Dataset items
####################

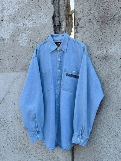 #наличие #рубашки HARLEY DAVIDSON DENIM SHIRT VINTAGE 00'S Винтаж из 2000-х годов. Шикарная рубашка из светлого денима от американского бренда. Плотная вышивка на груди. Идеальный 100% хлопок. Нагру
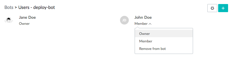 After creating a bot, you can manage its settings (excluding Company admin bot status) from the bot settings form or the Bot > Users view. To access the settings, click the Gear button
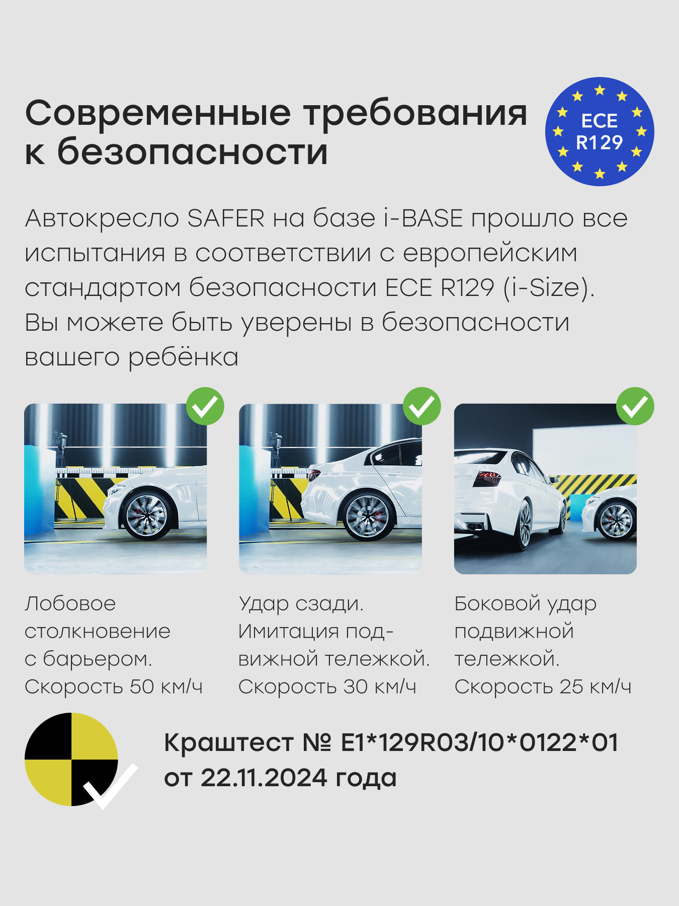 • Соответствует современным стандартам безопасности i-Size, обеспечивая дополнительную защиту ребенка
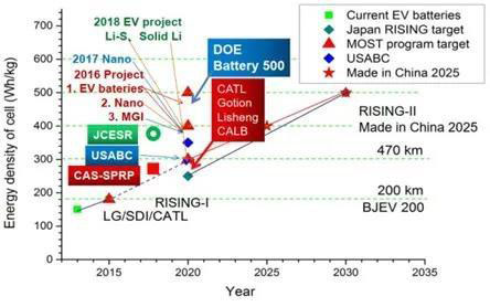4.1 中國發(fā)展規(guī)劃:中國現(xiàn)在是全球發(fā)表電池研究論文最多的國家。但同時在工業(yè)界也定義了兩個并行的研究和創(chuàng)新戰(zhàn)略:進化戰(zhàn)略和創(chuàng)新戰(zhàn)略。進化戰(zhàn)略專注于優(yōu)化現(xiàn)有搭載新能源電池的車輛和能源動力總成系統(tǒng),包括電池性能的提升(高安全,快速充電,低耗電量等)。而革命性戰(zhàn)略的目標(biāo)是開發(fā)下一代電池化學(xué)體系用于車輛動力總成系統(tǒng)。如圖9所示,可以比較2015年至2035年中國的電池發(fā)展目標(biāo)與日本新能源產(chǎn)業(yè)的技術(shù)綜合開發(fā)機構(gòu)(NEDO)的RISING計劃目標(biāo),以及美國能源部(DOE)的Battery 500計劃。
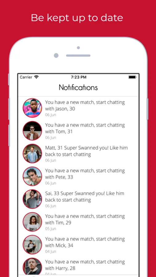 FREE TO USE: Swanned is free to download and use for matching and messaging. However you may be asked to pay if you reach a daily limit.
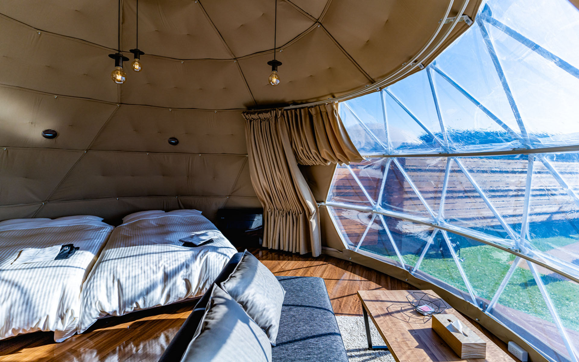 1日2組限定のドームテントではカップルやご夫婦ではもちろん、
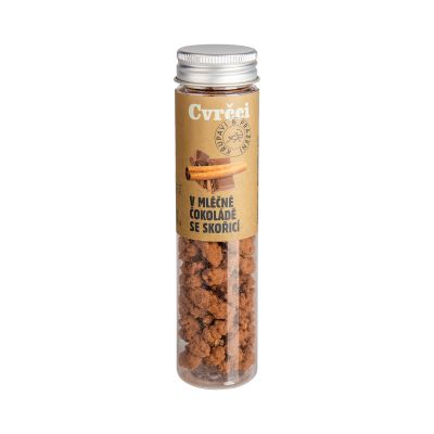 Mlsání budoucnosti? Cvrčci v mléčné čokoládě se skořicí! Lahodná a výživná pochoutka plná proteinu, která je ideální pro ty, kteří hledají něco nového a netradičního. Neotřelý dárek, který může překvapit, ale i pobavit a nakonec zachutnat. Hmotnost: 20g Cvrčci v mléčné čokoládě se skořicí Složení:Mléčná čokoláda (65.8%) (cukr, kakaové máslo, sušené plnotučné mléko, kakaová hmota, emulgátor: sójový lecitin, přírodní vanilkové aroma), cvrčci (Acheta domesticus) (34%), skořice (0.2%) Obsahuje stopy korýšů, sóji, mléka a měkkýšů. Může obsahovat obiloviny obsahující lepek a skořápkové plody. Výživové údaje na 100 g: energetická hodnota 2174kJ / 523 kcal tuky 30.7 g – z toho nasycené mastné kyseliny 25.9 g sacharidy 35.4 g – z toho cukry 34.7 g vláknina 2,4 g bílkoviny 25 g sůl 0,3 g Hmotnost: 20 g

####################

About this exercise –
Verbatim copy, images excluded: transcribe all the entries above.

Written reply –
 #наличие #рубашки HARLEY DAVIDSON DENIM SHIRT VINTAGE 00'S Винтаж из 2000-х годов. Шикарная рубашка из светлого денима от американского бренда. Плотная вышивка на груди. Идеальный 100% хлопок. Нагру
 After creating a bot, you can manage its settings (excluding Company admin bot status) from the bot settings form or the Bot > Users view. To access the settings, click the Gear button
 • Соответствует современным стандартам безопасности i-Size, обеспечивая дополнительную защиту ребенка
4.1 中國發(fā)展規(guī)劃:中國現(xiàn)在是全球發(fā)表電池研究論文最多的國家。但同時在工業(yè)界也定義了兩個并行的研究和創(chuàng)新戰(zhàn)略:進化戰(zhàn)略和創(chuàng)新戰(zhàn)略。進化戰(zhàn)略專注于優(yōu)化現(xiàn)有搭載新能源電池的車輛和能源動力總成系統(tǒng),包括電池性能的提升(高安全,快速充電,低耗電量等)。而革命性戰(zhàn)略的目標(biāo)是開發(fā)下一代電池化學(xué)體系用于車輛動力總成系統(tǒng)。如圖9所示,可以比較2015年至2035年中國的電池發(fā)展目標(biāo)與日本新能源產(chǎn)業(yè)的技術(shù)綜合開發(fā)機構(gòu)(NEDO)的RISING計劃目標(biāo),以及美國能源部(DOE)的Battery 500計劃。
 FREE TO USE: Swanned is free to download and use for matching and messaging. However you may be asked to pay if you reach a daily limit.
 1日2組限定のドームテントではカップルやご夫婦ではもちろん、
 Mlsání budoucnosti? Cvrčci v mléčné čokoládě se skořicí! Lahodná a výživná pochoutka plná proteinu, která je ideální pro ty, kteří hledají něco nového a netradičního. Neotřelý dárek, který může překvapit, ale i pobavit a nakonec zachutnat. Hmotnost: 20g Cvrčci v mléčné čokoládě se skořicí Složení:Mléčná čokoláda (65.8%) (cukr, kakaové máslo, sušené plnotučné mléko, kakaová hmota, emulgátor: sójový lecitin, přírodní vanilkové aroma), cvrčci (Acheta domesticus) (34%), skořice (0.2%) Obsahuje stopy korýšů, sóji, mléka a měkkýšů. Může obsahovat obiloviny obsahující lepek a skořápkové plody. Výživové údaje na 100 g: energetická hodnota 2174kJ / 523 kcal tuky 30.7 g – z toho nasycené mastné kyseliny 25.9 g sacharidy 35.4 g – z toho cukry 34.7 g vláknina 2,4 g bílkoviny 25 g sůl 0,3 g Hmotnost: 20 g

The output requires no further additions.